Collected material ->
----

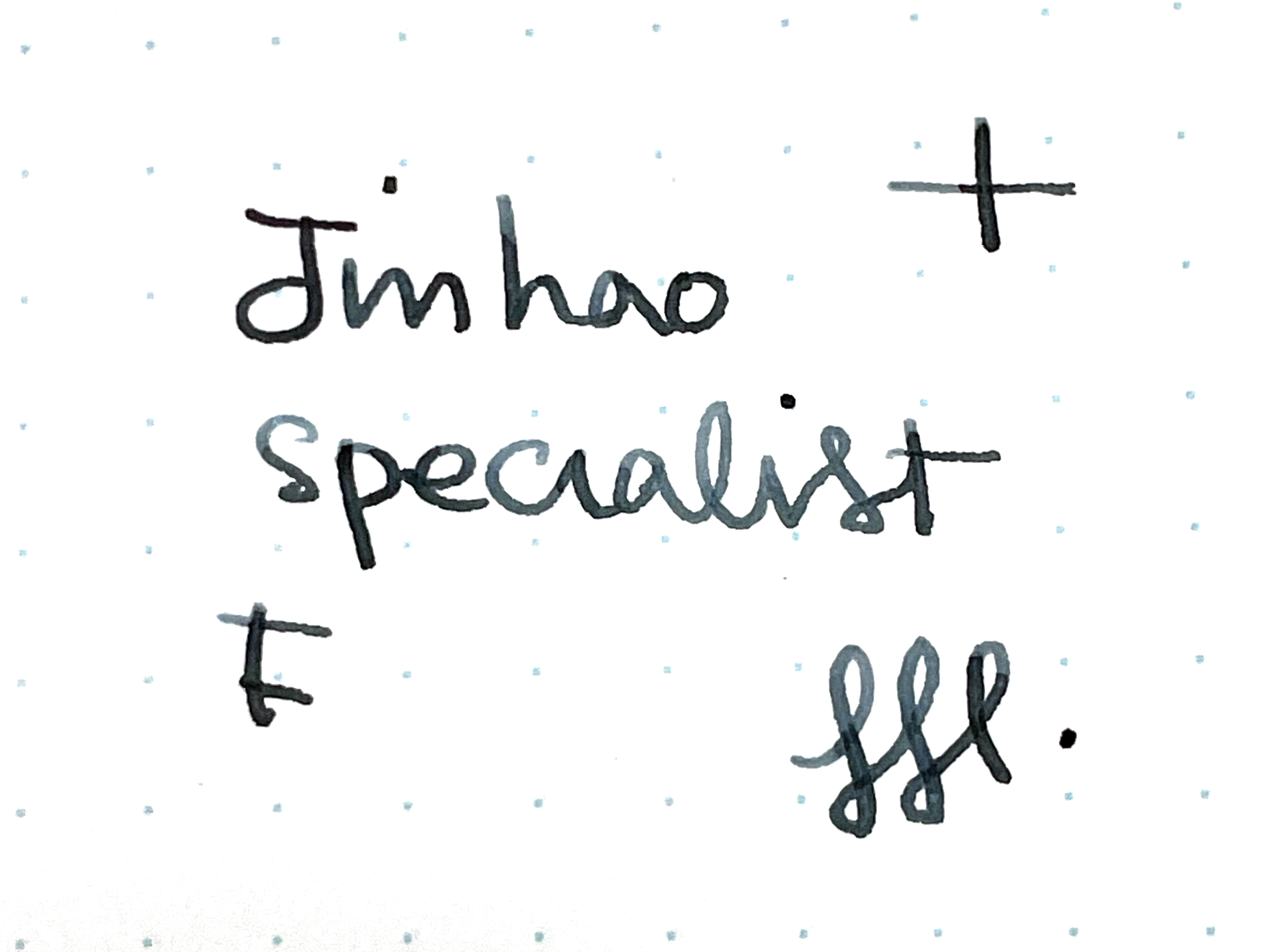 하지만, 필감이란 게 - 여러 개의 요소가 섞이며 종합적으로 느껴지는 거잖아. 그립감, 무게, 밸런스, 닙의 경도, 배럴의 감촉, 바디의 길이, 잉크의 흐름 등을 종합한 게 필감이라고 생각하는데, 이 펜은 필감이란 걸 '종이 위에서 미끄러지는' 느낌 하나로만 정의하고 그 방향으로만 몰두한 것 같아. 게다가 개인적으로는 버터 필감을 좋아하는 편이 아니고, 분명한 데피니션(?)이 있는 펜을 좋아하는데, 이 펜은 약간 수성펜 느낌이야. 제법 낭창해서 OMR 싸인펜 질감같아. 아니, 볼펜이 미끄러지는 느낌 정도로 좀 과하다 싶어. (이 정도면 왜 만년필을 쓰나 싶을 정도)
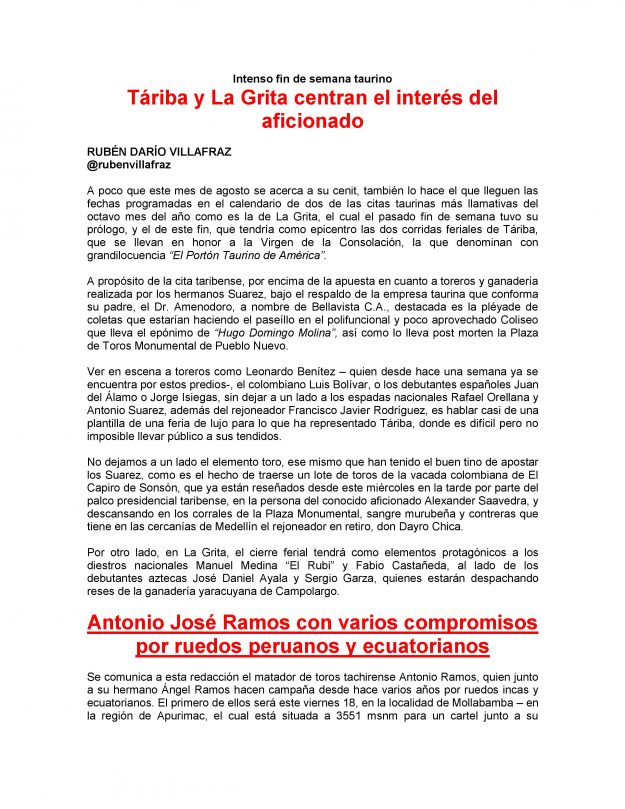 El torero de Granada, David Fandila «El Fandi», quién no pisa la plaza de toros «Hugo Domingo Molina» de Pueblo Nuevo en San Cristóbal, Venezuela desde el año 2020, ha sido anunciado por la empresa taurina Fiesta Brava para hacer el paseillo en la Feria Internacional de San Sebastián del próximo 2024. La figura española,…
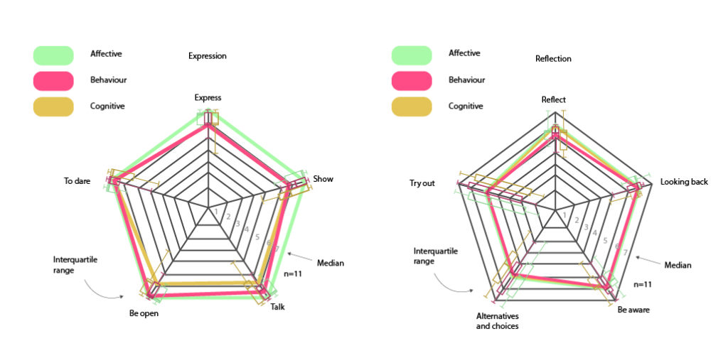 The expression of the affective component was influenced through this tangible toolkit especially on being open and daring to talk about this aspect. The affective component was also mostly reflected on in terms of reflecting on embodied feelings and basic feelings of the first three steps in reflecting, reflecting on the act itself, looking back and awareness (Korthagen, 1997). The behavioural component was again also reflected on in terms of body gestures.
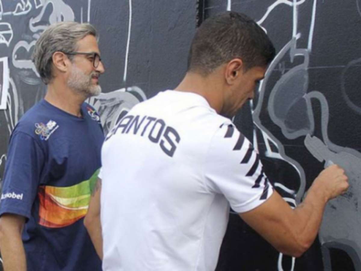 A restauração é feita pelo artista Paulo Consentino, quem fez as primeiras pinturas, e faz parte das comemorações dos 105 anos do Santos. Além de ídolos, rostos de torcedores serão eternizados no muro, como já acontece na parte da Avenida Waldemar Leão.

----

What is needed ->
Copy only this, please: the line with "El torero de" and every line after it through the end of the data, with no pictures.

Output below ->
 El torero de Granada, David Fandila «El Fandi», quién no pisa la plaza de toros «Hugo Domingo Molina» de Pueblo Nuevo en San Cristóbal, Venezuela desde el año 2020, ha sido anunciado por la empresa taurina Fiesta Brava para hacer el paseillo en la Feria Internacional de San Sebastián del próximo 2024. La figura española,…
 The expression of the affective component was influenced through this tangible toolkit especially on being open and daring to talk about this aspect. The affective component was also mostly reflected on in terms of reflecting on embodied feelings and basic feelings of the first three steps in reflecting, reflecting on the act itself, looking back and awareness (Korthagen, 1997). The behavioural component was again also reflected on in terms of body gestures.
 A restauração é feita pelo artista Paulo Consentino, quem fez as primeiras pinturas, e faz parte das comemorações dos 105 anos do Santos. Além de ídolos, rostos de torcedores serão eternizados no muro, como já acontece na parte da Avenida Waldemar Leão.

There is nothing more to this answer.